# How to fix a bad mix.



## Q-Ball (22/5/15)

I have made a couple of bad mixes over the last couple of months experimenting and I have never thrown a batch away, Vaped them all.

The way I fix it is with Menthol and Musk. I just add 15 drops of each into a 30ml batch and wallaah it's vapable again.

Reactions: Like 1 | Thanks 1 | Can relate 1 | Informative 2


----------



## rogue zombie (22/5/15)

Unless you use too much Sour. 

Then it tastes like HTH

Reactions: Funny 1


----------



## Nooby (22/5/15)

So basically over power everything else? Cause surely menthol and musk will cancel out everything?


----------



## Q-Ball (22/5/15)

Nooby said:


> So basically over power everything else? Cause surely menthol and musk will cancel out everything?

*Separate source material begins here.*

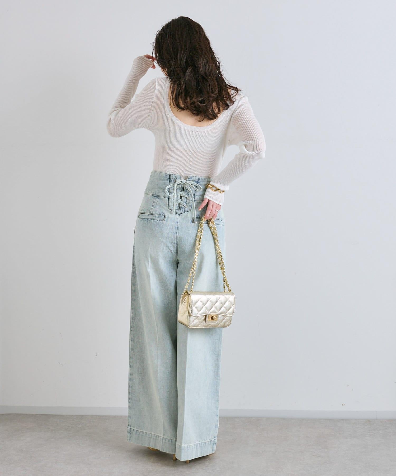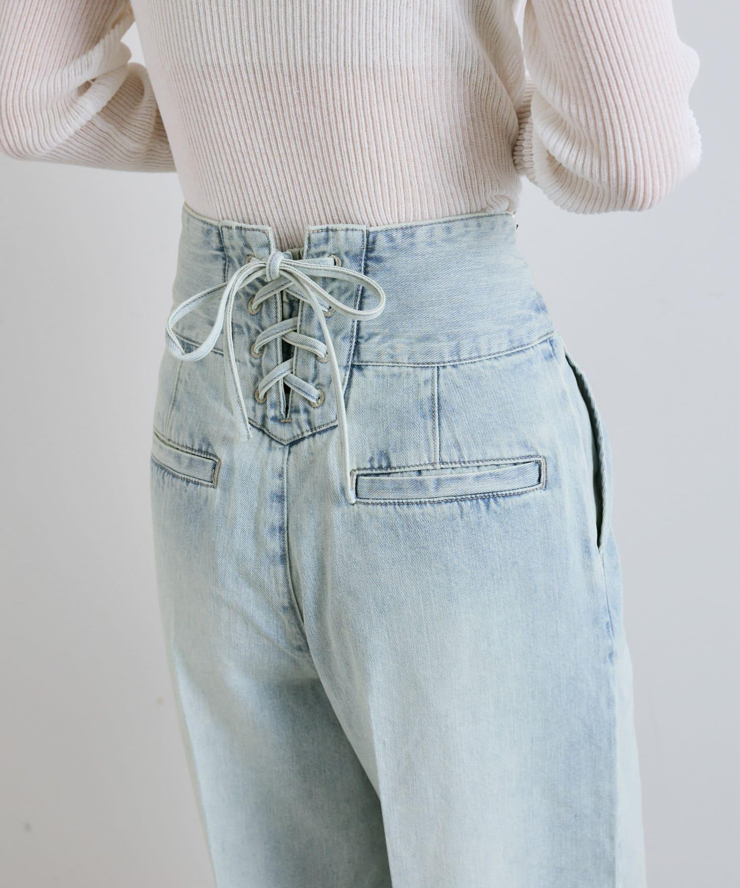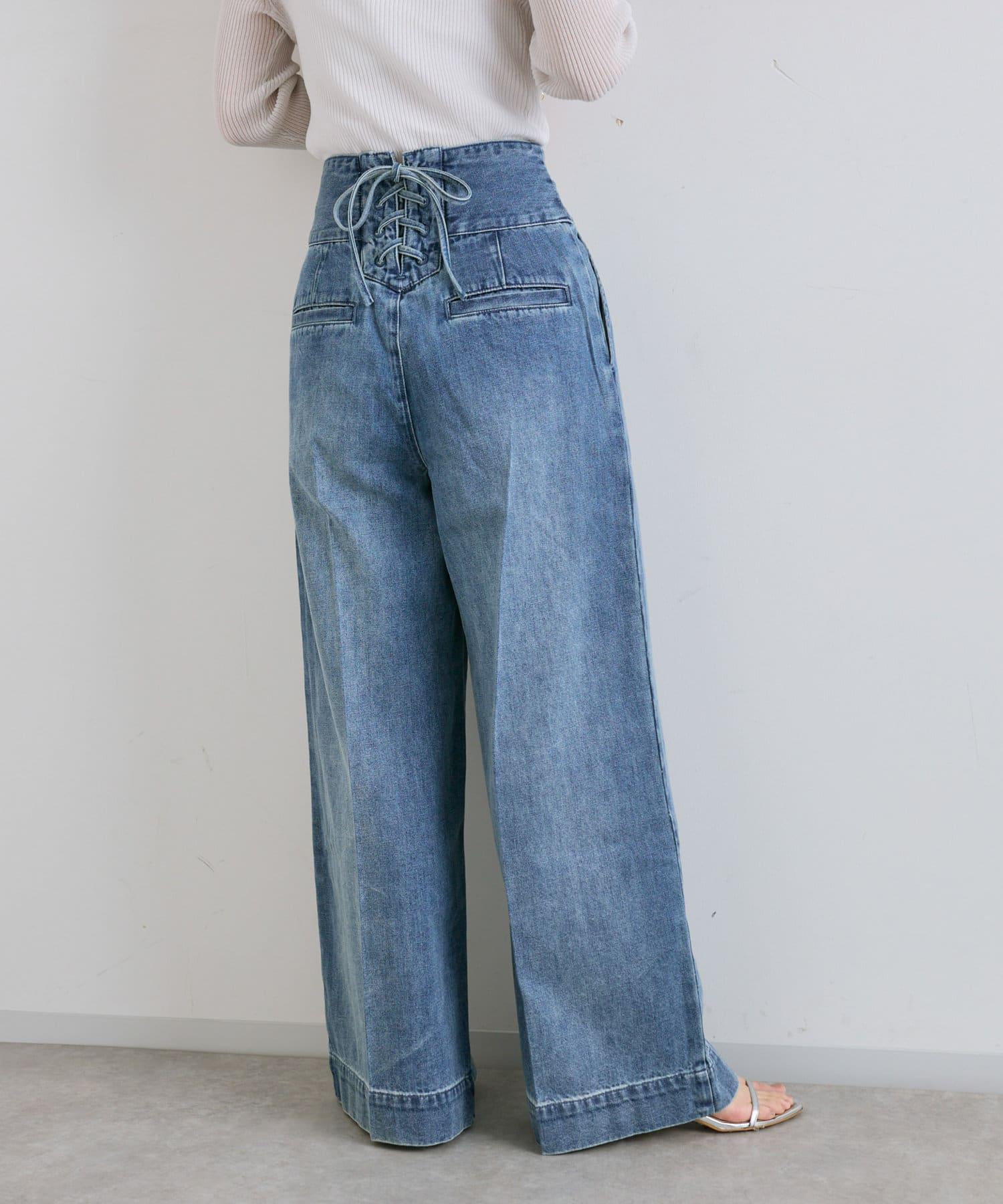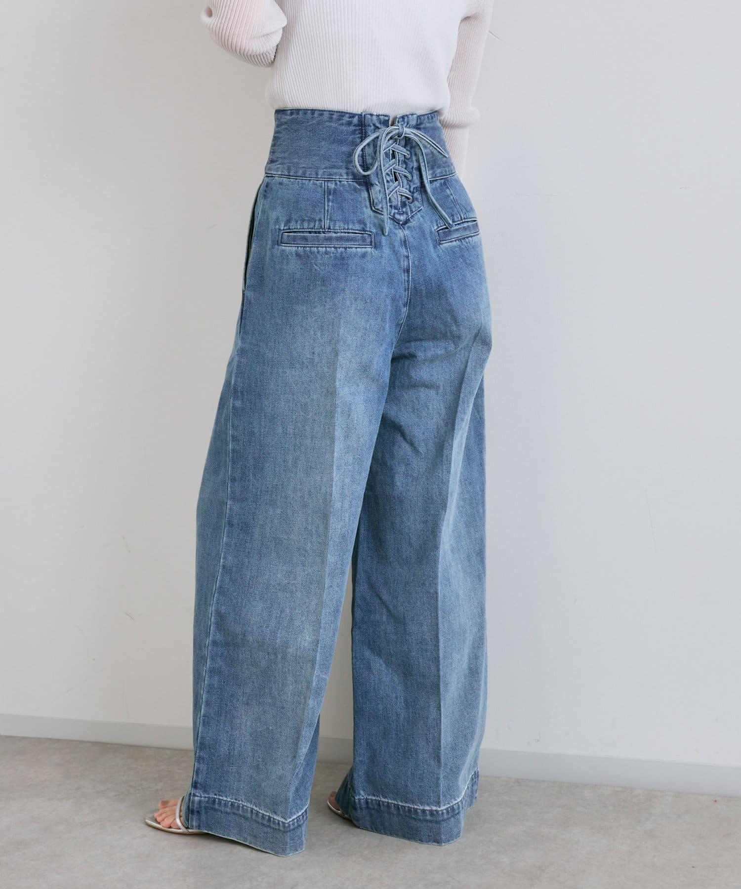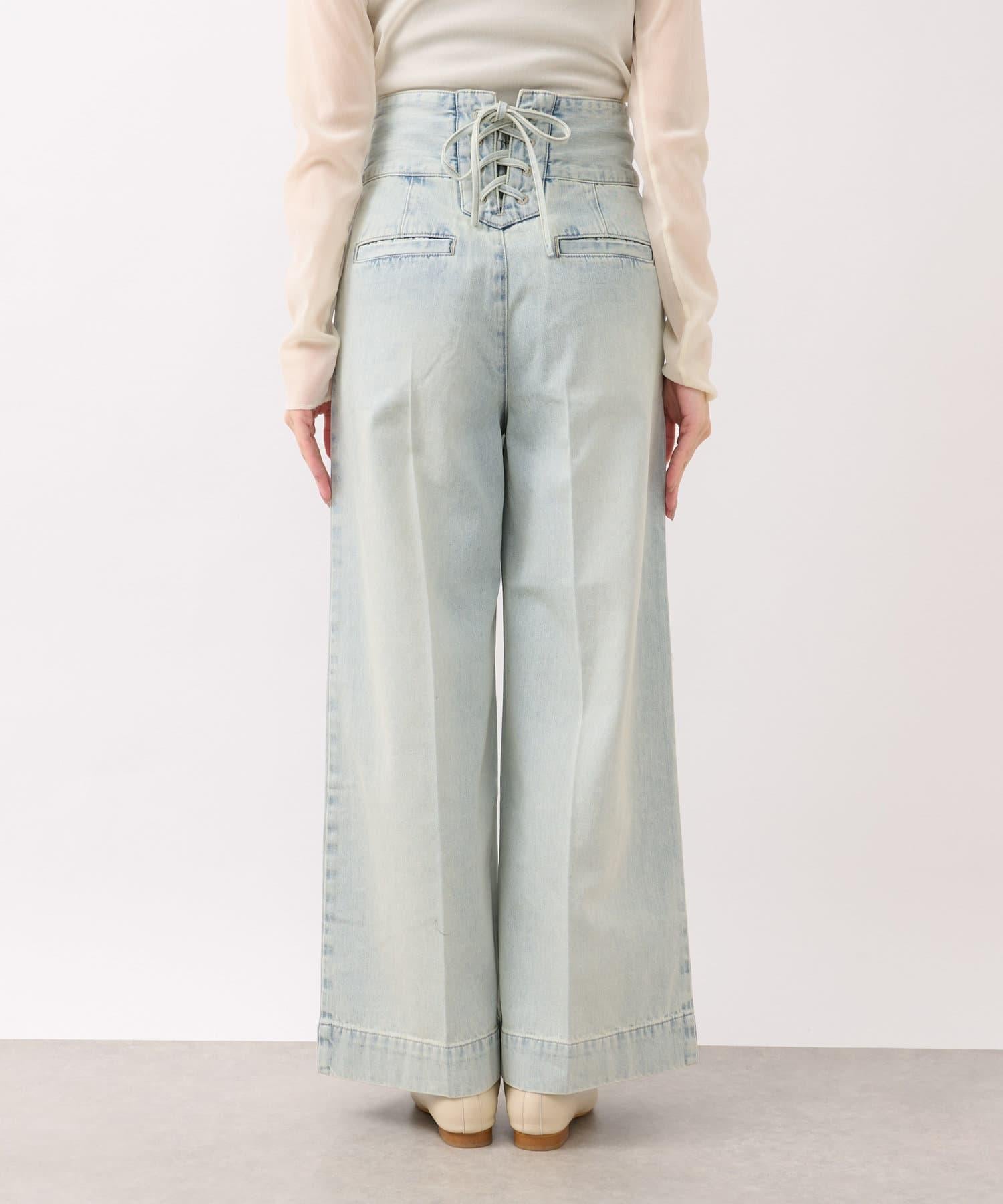 這條寬鬆的牛仔長褲背部飾有蕾絲花邊。

Ecactly  and I like Musk and menthol so it works perfectly, nothing goes to waste

Sent from my SM-N900 using Tapatalk


----------



## Viper_SA (23/5/15)

And it tastes like Musk Mint Aquafresh, lol. I made up a batch of it just for morning vapes in the car


----------



## Silver (24/5/15)

Q-Ball said:


> I have made a couple of bad mixes over the last couple of months experimenting and I have never thrown a batch away, Vaped them all.
> 
> The way I fix it is with Menthol and Musk. I just add 15 drops of each into a 30ml batch and wallaah it's vapable again.



Awesome @Q-Ball
Nuke it with menthol!!!!


----------